- **What you should do**
Exactly the lines from the start of the entries through the line with "Electric and hydraulic" are required in the output, with no pictures among them.

BEGIN Stored data

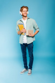 blondynka słuchanie muzyki w słuchawkach bezprzewodowych patrząc na studenta ze smartfonem na niebiesko
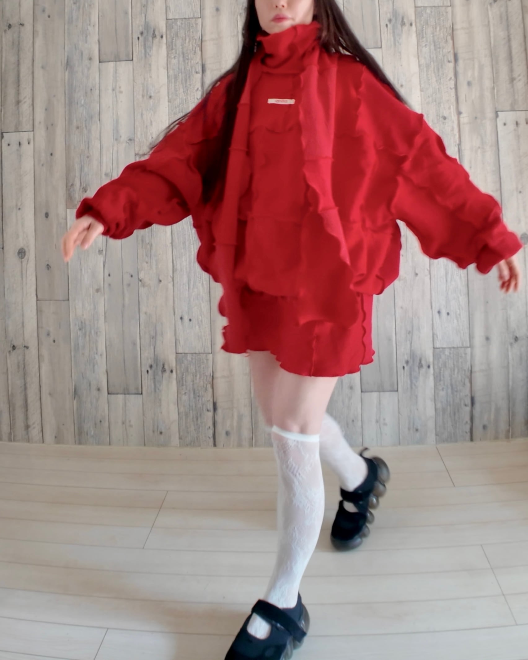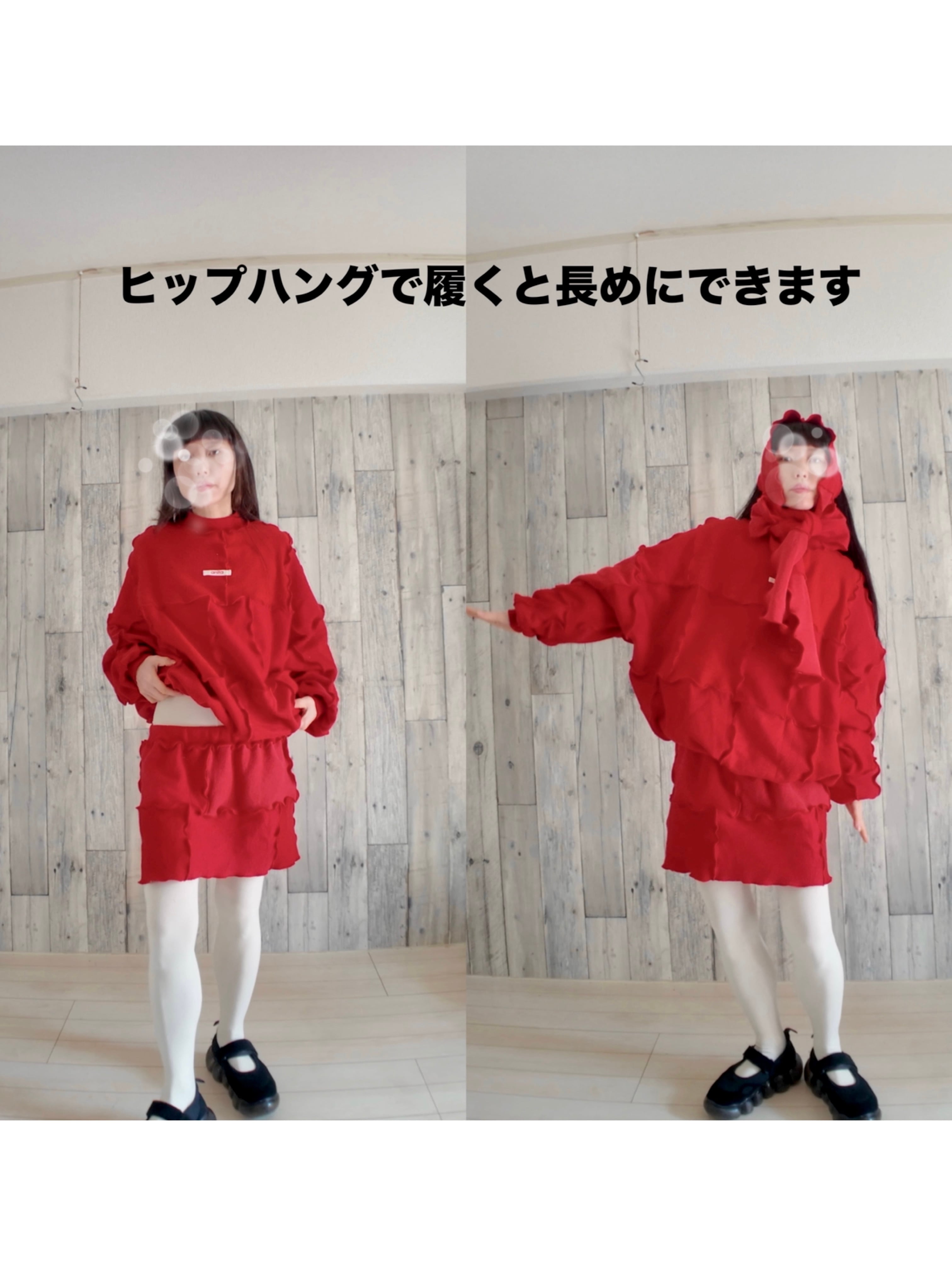 スカートは履く位置で長さを調整してください。
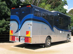 Electric and hydraulic loading ramps Video monitoring systems. Adjustable width stalls for horses with travelling problems. Interior feeders. Generous storage lockers with interior and exterior access. Roomy living spaces fitted to order with comfortable bunks and first rate kitchen facilities. Customized artwork and sign writing. Custom colours and striping
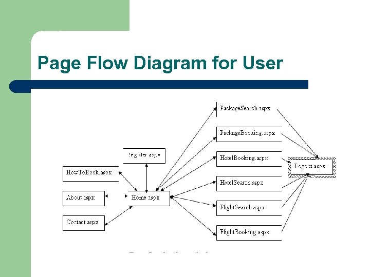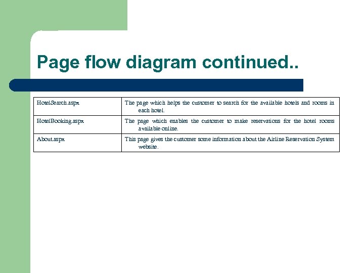 Page flow diagram continued. . Hotel. Search. aspx The page which helps the customer to search for the available hotels and rooms in each hotel. Hotel. Booking. aspx The page which enables the customer to make reservations for the hotel rooms available online. About. aspx This page gives the customer some information about the Airline Reservation System website.
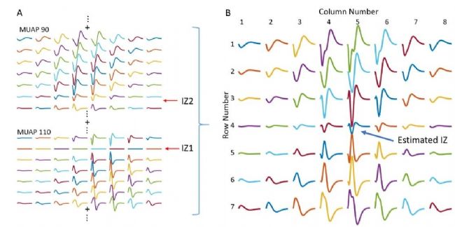 圖9. 從模擬的雙IZ條件下M波中識別出IZ位置的例子。(A)差分MUAPs的分布。模擬的兩個IZ分別位于第2行和第6行與第7行之間。(B)所有MUAP求和產生的M波
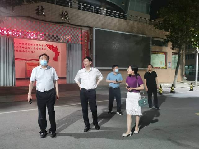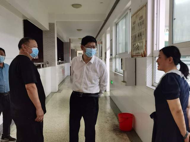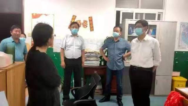 当日20:10,高温闷热,杨文普首先来到南阳市五中。由于事先没有通知,进不去校门,正在和老师谈话的校长王超、副校长王书勤下楼赶到,才按防疫规定得以通行。杨文普首先对五中校园疫情防控工作提出表扬,杨文普说,我们必须在校园疫情防控的大考中得满分,才能保证全市的学生在高考中少失分,两张答卷都必须答好!杨文普一行轻声慢步,边走边看,先后深入高三教师备课室、教室,看到老师们坚守岗位,认真组题;教室内秩序井然,学生们埋头做题。杨文普每到一处,详细询问师生们考前如何复习?晚上几点睡觉?睡眠好不好?饭菜质量如何?能不能吃好?师生们很受感动,一一作答。认真听了师生们的回答,看到师生们饱满的备考状态和良好的精神面貌,杨文普感到很欣慰。当杨文普走进五楼教师休息室,看到还有一名小学生,当得知孩子的爸爸常年在外地工作,而孩子的妈妈杨丹老师作为班主任正坚守在教室时,杨文普颇为感动,特别向杨丹老师表示亲切慰问和衷心感谢。随后,杨文普又来到学生公寓,察看学生的住宿环境,并对学校公寓的管理水平给予了高度评价,提出了中肯意见。他告诉校长王超,要为师生们提供有营养高质量的饭菜,让师生们吃好;为师生们制订科学的作息表,保证睡眠时间,对寝室教室空调制冷效果再排查,高考在即,既要吃好,更要睡好,只有吃好睡好,才能更好应战,考出好成绩。
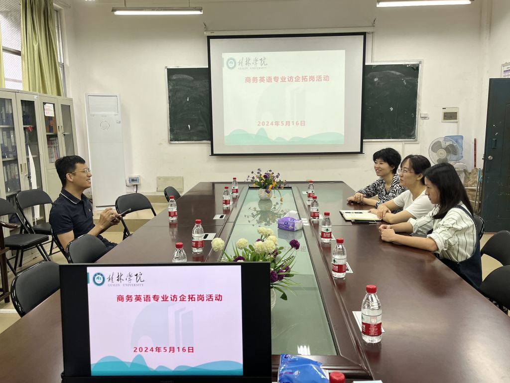双方就2021级商务英语专业的实习进行了深入探讨,确定了具体校招时间和方式,并提出了未来桂林本地专业实习和见习的基本框架。
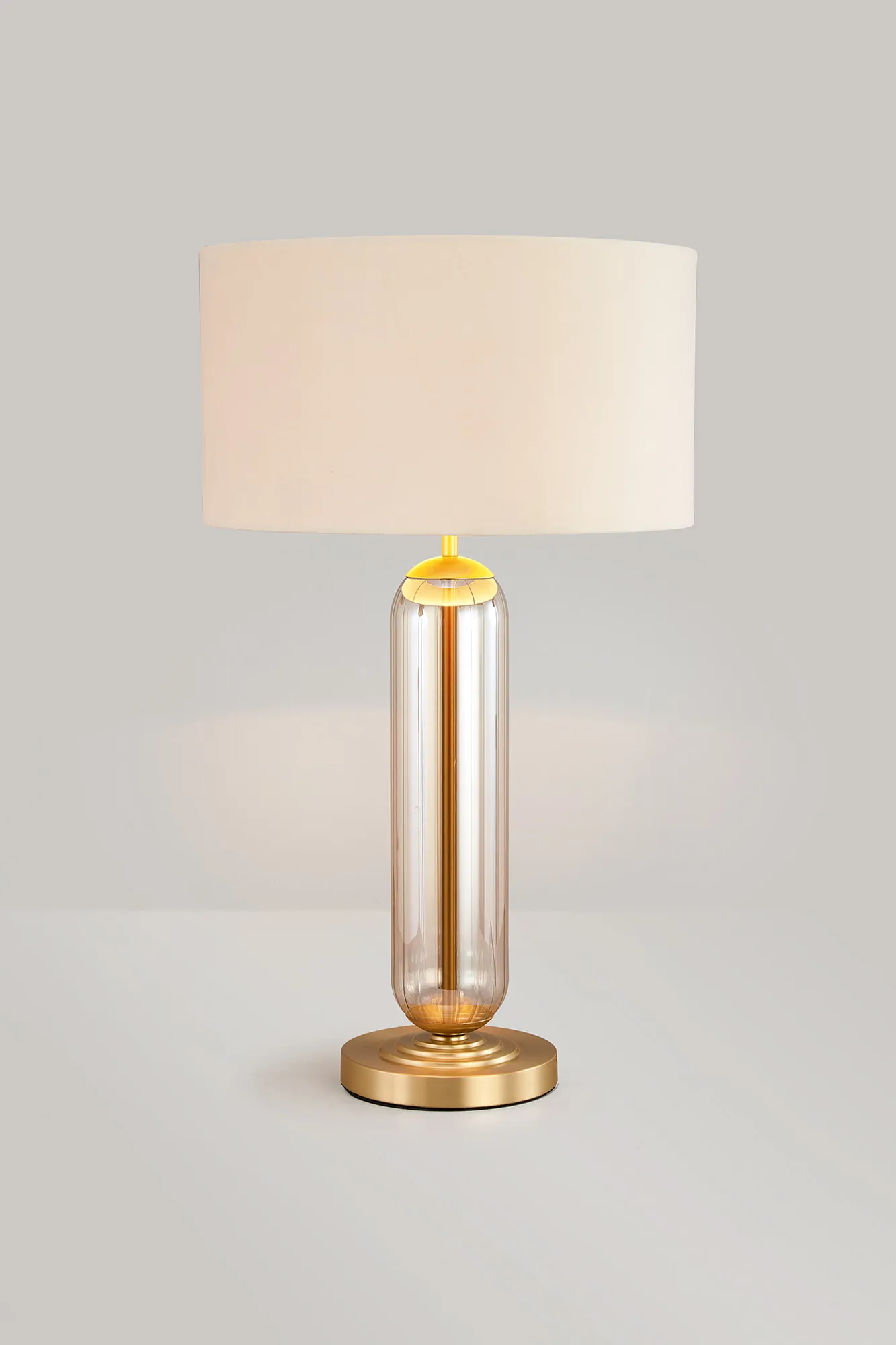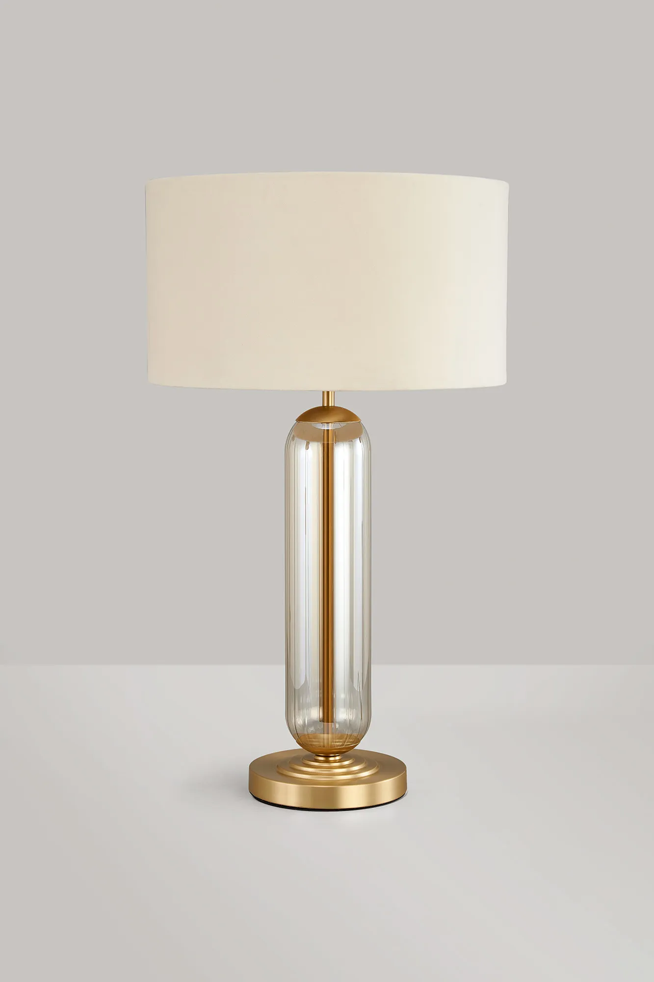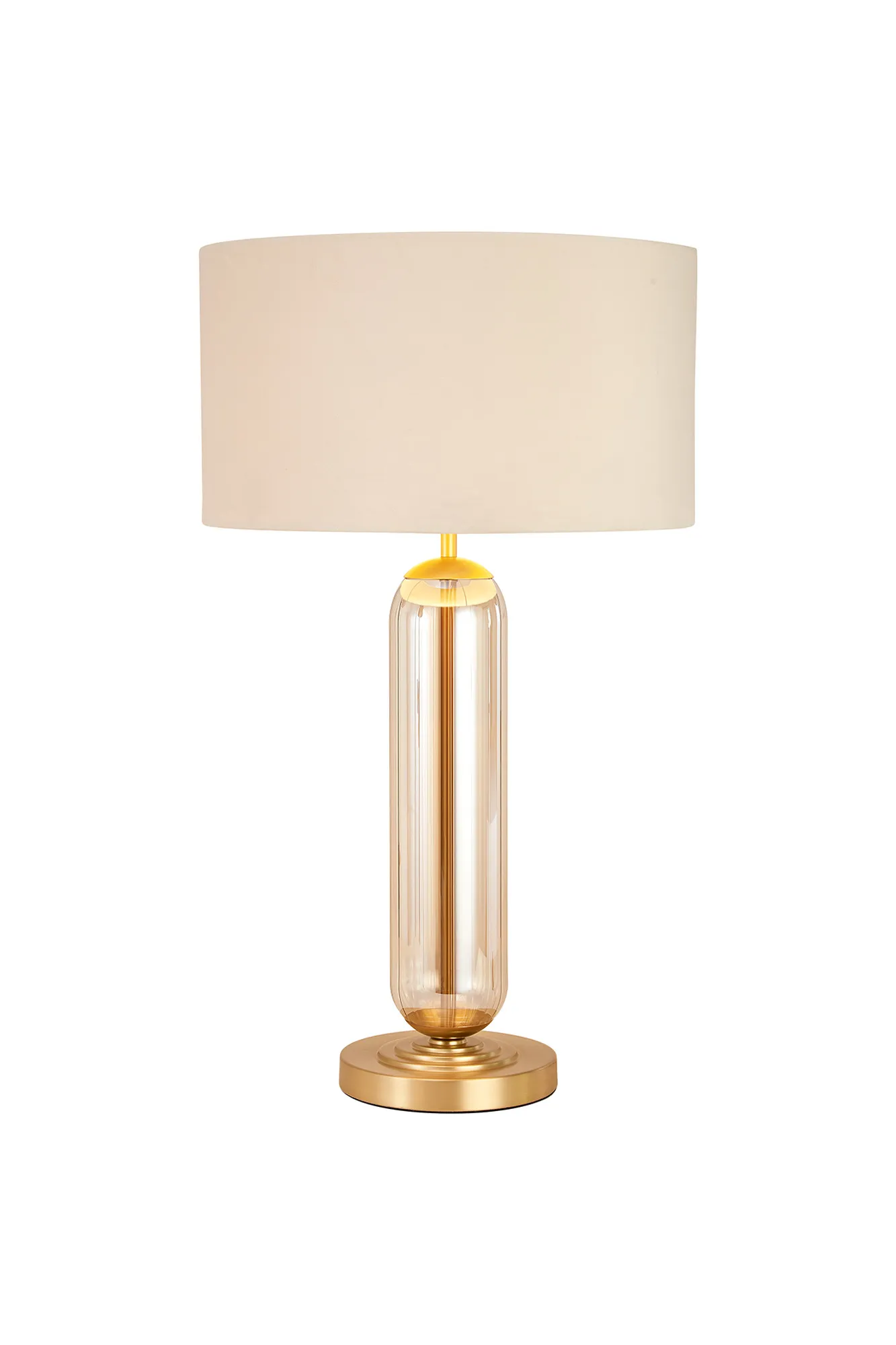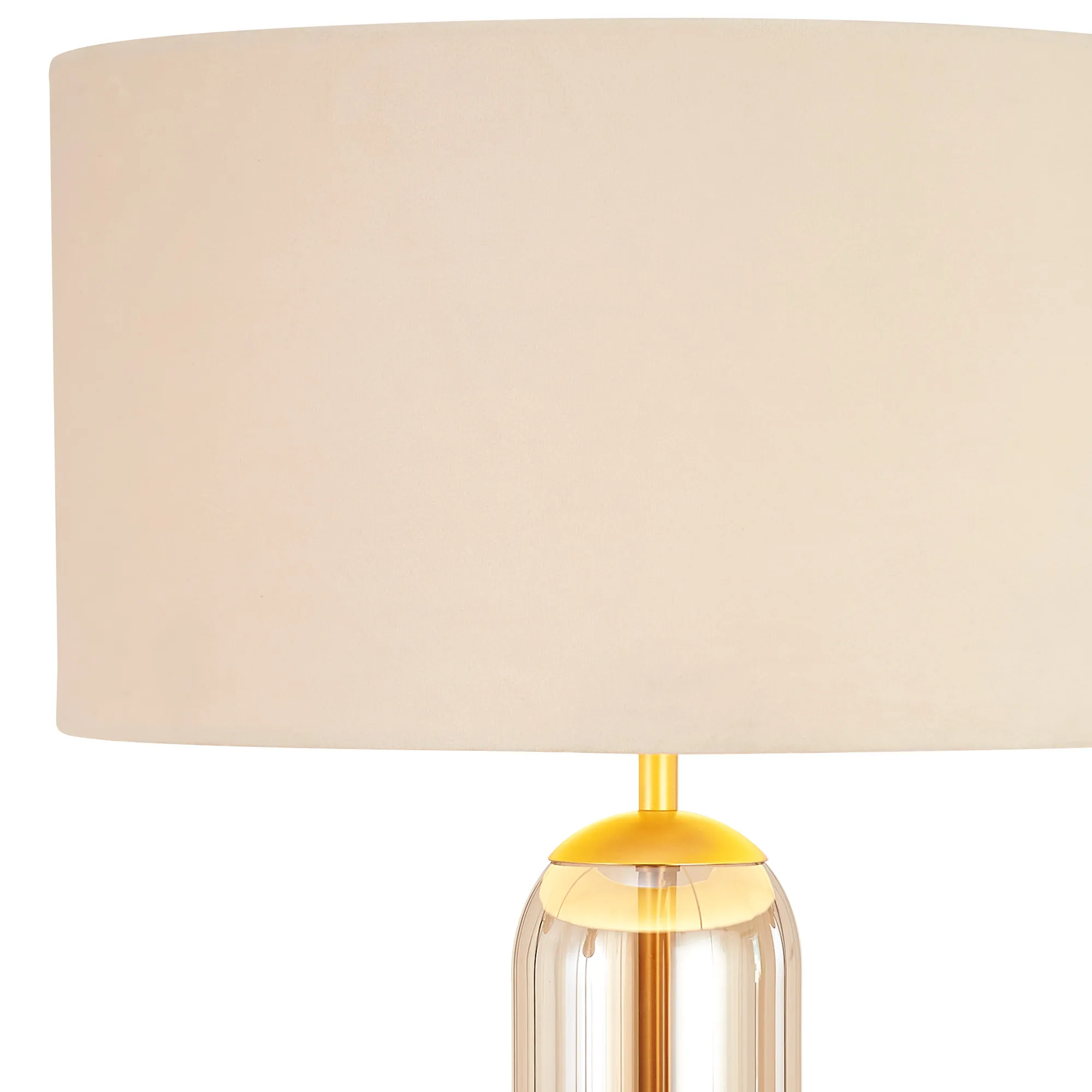 Thompson Tubular Table Lamp, 1 Light E27, Satin Gold/Cognac Glass/Aubergine 40cm Velvet Shade

END Stored data

- **Response**
 blondynka słuchanie muzyki w słuchawkach bezprzewodowych patrząc na studenta ze smartfonem na niebiesko
 スカートは履く位置で長さを調整してください。
 Electric and hydraulic loading ramps Video monitoring systems. Adjustable width stalls for horses with travelling problems. Interior feeders. Generous storage lockers with interior and exterior access. Roomy living spaces fitted to order with comfortable bunks and first rate kitchen facilities. Customized artwork and sign writing. Custom colours and striping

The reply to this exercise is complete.